Читать книгу «Сердце летчика не бьется» онлайн полностью📖 — Леры Тихоновой — MyBook.

Гуревич

Гуревич Н. Б., маленькая щупленькая учительница русского языка и литературы, работала в школе очень давно. Так давно, что даже старожил школы, уборщица тетя Нюра, пережившая вереницу завучей и колонну учеников, пришла уже после нее. Впрочем, определить возраст Гуревич было трудно. Вроде не старуха, но и не молодящаяся женщина средних лет. Биологичка, относящаяся как раз к последним и ожидающая сорокапятилетия, как дня Страшного суда, говорила вполголоса в учительской: «Совершенно не определяем. Совершенно».

Все, от первоклашек до директора школы, звали ее за глаза Гуревич. Протяжно-уважительное, предшествующее фамилии – вспоминалось с трудом. Она и вправду была больше Гуревич, нежели это неопределенное, не созвучное с ней – Н. Б. Худая, темноволосая с проседью, в перекрученных колготках и с неизменной сигаретой, которую если не курила, то крутила длинными узловатыми пальцами. Пепел был повсюду: осыпался на ее нелепые кримпленовые костюмчики, возвышался серыми холмиками во всем, что могло сойти хотя бы за дальних родственниц пепельниц, летел за ней звездной пылью. Вытравить гнусную привычку, неприемлемую для работников школьного учреждения, можно было только вместе с самой Гуревич: курение, так же как и фамилия, намертво въелось в образ. Впрочем, никто и не думал вытравливать. Ее не то чтобы любили, скорее жалели. Особенно Лидия Леонидовна – последний в тети-Нюриной веренице завуч – широкая, богатая телом женщина с зычным голосом и усатым мужем – учителем физкультуры. Леонидовне все время хотелось то ли накормить Гуревич, то ли поправить перекрученные колготки, а лучше выбросить вовсе: «Вон петля у вас справа спущена, никуда уже не годные… Хотите бутерброд с колбаской к чаю?» Ко всему прочему Гуревич при ходьбе припадала на левую ногу, травма там была давняя или операция неудачная, никто не знал, история тянулась из совсем уж допотопных времен. И тут у мужа-физкультурника сжималось сердце, когда сухонькая фигурка с ныряющей осью движения спешила по коридору на урок, и он провожал ее жалостливым взглядом.

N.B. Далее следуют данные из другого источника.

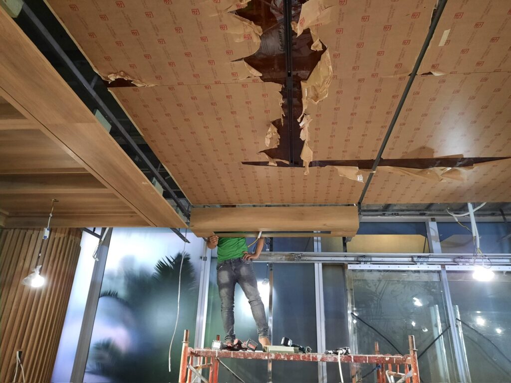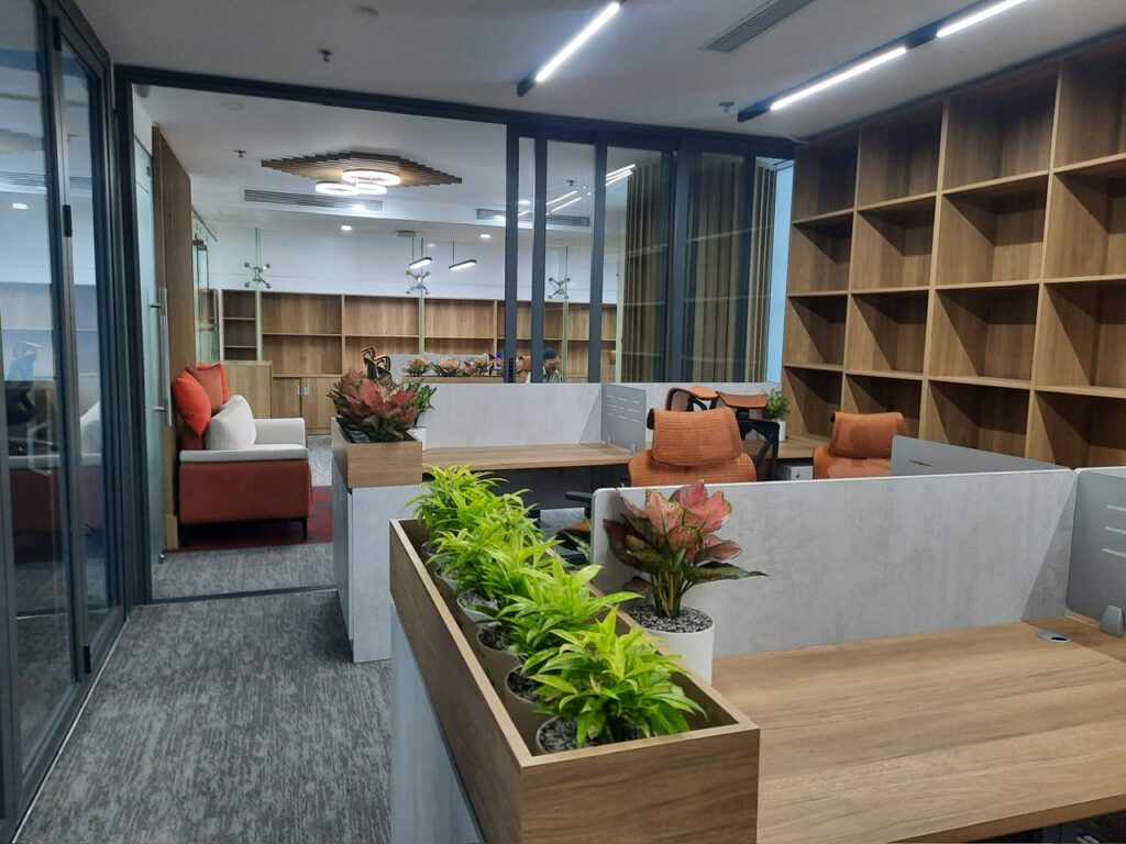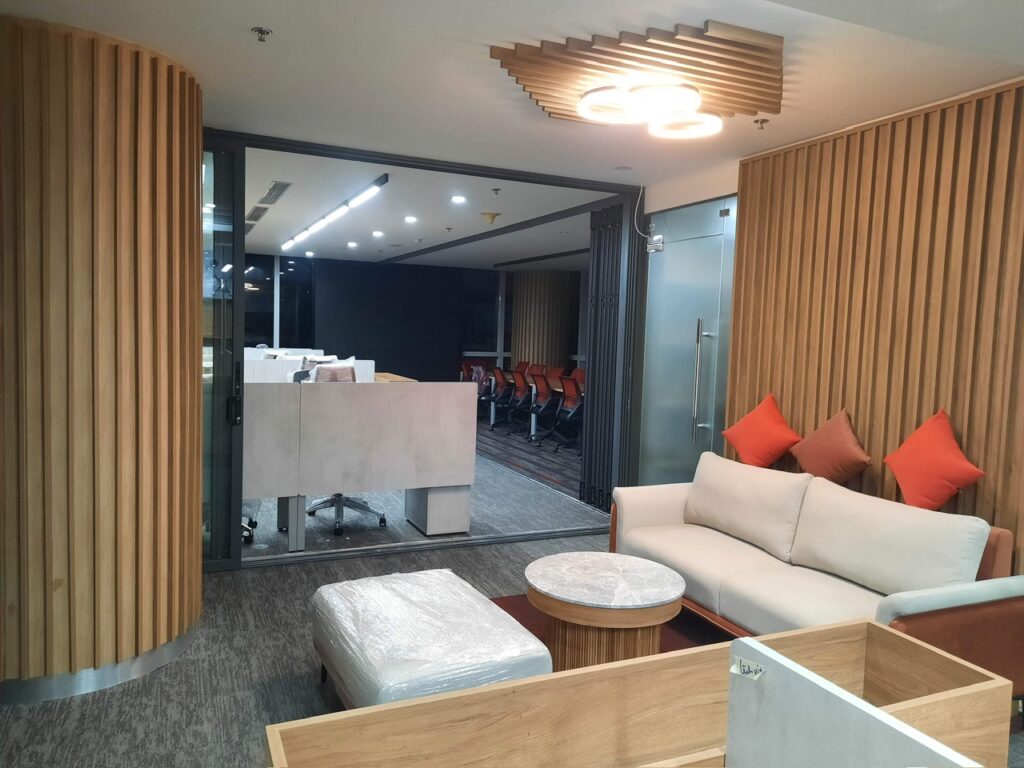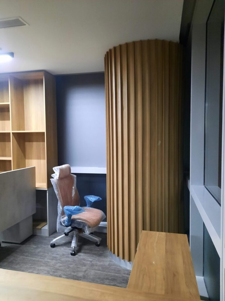 Hạng mục nội thất showrom: Nội thất bàn ghế, vách, lam, trần ốp.

Ее не трогали, как не трогают старую коммунальную кошку, прощая плешивость и вредные привычки. Впрочем, нельзя сказать, что Гуревич не ловила мышей. Отнюдь. Она была прекрасным педагогом. Вдохновенно, с цитатами, вела любимые ею уроки литературы, не замечая, что Макаров мажет шею соседа чернилами, а Клюева, глядя в зеркальце из-под парты, пытается создать тот же чернильный эффект на ресницах. Стоя у доски, Гуревич устремляла взгляд поверх голов и мечтательно произносила: «Мы родом из детства», завершая на торжественной ноте: «Антуан де Сент-Экзюпери».

А откуда она сама была родом? Это нелепое колченогое существо, с поеденными молью нарядами и въевшимся запахом старого курильщика. Из какого такого детства? Неужели из нежного лепечущего младенчества с ниточками-перевязками на пухлых ручках?! А потом из тонконогой сияющей юности?! В это трудно было поверить. Наверное, даже и самой Гуревич. До одного расчудесного дня. То есть до одного вполне обычного дня, примечательного только очередным родительским собранием. Чудесным в нем вдруг оказалось стечение обстоятельств, которыми изобилует жизнь, если приглядеться. Гуревич и пригляделась – неожиданно для себя.

Сидя в президиуме, перед партами с родителями, она задержала взгляд, обычно скользящий, на холеном мужчине, отце новенького мальчика, перешедшего недавно из другой школы, и вдруг узнала в нем… Вову, Вовчика. Ее Вовчика. И тут же в памяти, как картинки в волшебном фонаре, замелькали доказательства ее той самой позабытой сияющей юности.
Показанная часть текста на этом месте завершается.